» **HOW TO COMPLETE THIS TASK**
Omit the pictures, then write out every entry exactly as it reads.

Saved data entries

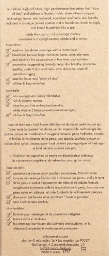 An oil-free, high definition, high performance foundation that "stays all day" and delivers a flawless finish. Unique oxygen technology leaves skin hydrated, nourished and helps prevent premature aging. This foundation glides onto skin, immediately going to work to help minimize skin blemishes and imperfections. This dreamy formula glides onto skin and immediately goes to work to help minimize skin blemishes and imperfection. It is also enriched with an array of skin loving ingredients, and unlike other long-wearing formulas, includes a synergistic combination of botanical extracts that have been shown to help enhance circulation and blood flow, resulting in an increase of oxygen being delivered to the skin and letting skin breathe. These innovative extracts also help to slow down the onset of premature aging and promote healthy, hydrated and vibrant skin. This multi-tasker also contains a creamy, full coverage concealer cleverly hidden inside the cap (along with a handy mirror) that instantly hides blemishes, dark circles and age spots creating an impeccable canvas for flawless makeup application. Product also comes with a spatula and brush for ease of application.Feature
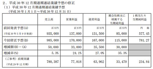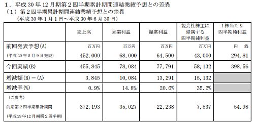 TOKYO, Aug 8, 2018 - (JCN Newswire) - 平成30年5月9日に公表しました平成30年12月期第2四半期累計期間の連結業績予想と本日公表の実績値に差異が生じましたので、下記のとおりお知らせいたします。また、当社は、最近の業績動向を踏まえ平成30年12月期通期連結業績予想を修正いたします。
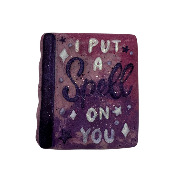 Spellbook Plastic Hand Mold - A cute spell book that reads "I put a Spell on you"
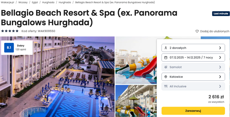 Propozycja pobytu w Bellagio Beach Resort & Spa, to ciekawa opcja dla osób szukających słońca, morza i wygodnego wypoczynku. Ten pięciogwiazdkowy obiekt położony jest w spokojnej części Hurghady i może pochwalić się prywatną, piaszczystą plażą, a także aquaparkiem, który szczególnie przypadł do gustu rodzinom z dziećmi. Wśród dostępnych atrakcji goście często chwalą baseny, zjeżdżalnie wodne i różnego rodzaju animacje.
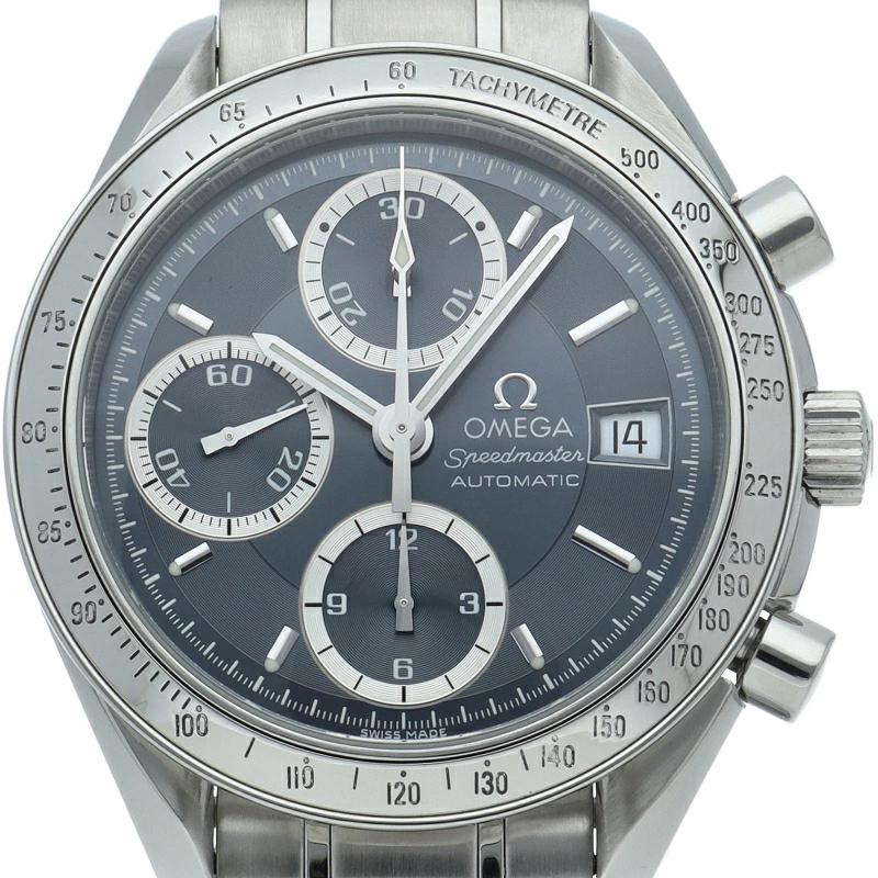 | オメガのフラッグシップモデル「スピードマスター」。人気モデル、スピードマスターデイトの「日本国内1000本限定モデル」です。ブルーに近いグレーダイアルと、シルバー縁取りのインダイアルの組み合わせがとてもシック。「日本のオメガファンだけ」に向けられてごく少数リリースされた特別な限定モデルです。 |

» **OUTPUT OF THE TASK**
 An oil-free, high definition, high performance foundation that "stays all day" and delivers a flawless finish. Unique oxygen technology leaves skin hydrated, nourished and helps prevent premature aging. This foundation glides onto skin, immediately going to work to help minimize skin blemishes and imperfections. This dreamy formula glides onto skin and immediately goes to work to help minimize skin blemishes and imperfection. It is also enriched with an array of skin loving ingredients, and unlike other long-wearing formulas, includes a synergistic combination of botanical extracts that have been shown to help enhance circulation and blood flow, resulting in an increase of oxygen being delivered to the skin and letting skin breathe. These innovative extracts also help to slow down the onset of premature aging and promote healthy, hydrated and vibrant skin. This multi-tasker also contains a creamy, full coverage concealer cleverly hidden inside the cap (along with a handy mirror) that instantly hides blemishes, dark circles and age spots creating an impeccable canvas for flawless makeup application. Product also comes with a spatula and brush for ease of application.Feature
 TOKYO, Aug 8, 2018 - (JCN Newswire) - 平成30年5月9日に公表しました平成30年12月期第2四半期累計期間の連結業績予想と本日公表の実績値に差異が生じましたので、下記のとおりお知らせいたします。また、当社は、最近の業績動向を踏まえ平成30年12月期通期連結業績予想を修正いたします。
 Spellbook Plastic Hand Mold - A cute spell book that reads "I put a Spell on you"
 Propozycja pobytu w Bellagio Beach Resort & Spa, to ciekawa opcja dla osób szukających słońca, morza i wygodnego wypoczynku. Ten pięciogwiazdkowy obiekt położony jest w spokojnej części Hurghady i może pochwalić się prywatną, piaszczystą plażą, a także aquaparkiem, który szczególnie przypadł do gustu rodzinom z dziećmi. Wśród dostępnych atrakcji goście często chwalą baseny, zjeżdżalnie wodne i różnego rodzaju animacje.
 | オメガのフラッグシップモデル「スピードマスター」。人気モデル、スピードマスターデイトの「日本国内1000本限定モデル」です。ブルーに近いグレーダイアルと、シルバー縁取りのインダイアルの組み合わせがとてもシック。「日本のオメガファンだけ」に向けられてごく少数リリースされた特別な限定モデルです。 |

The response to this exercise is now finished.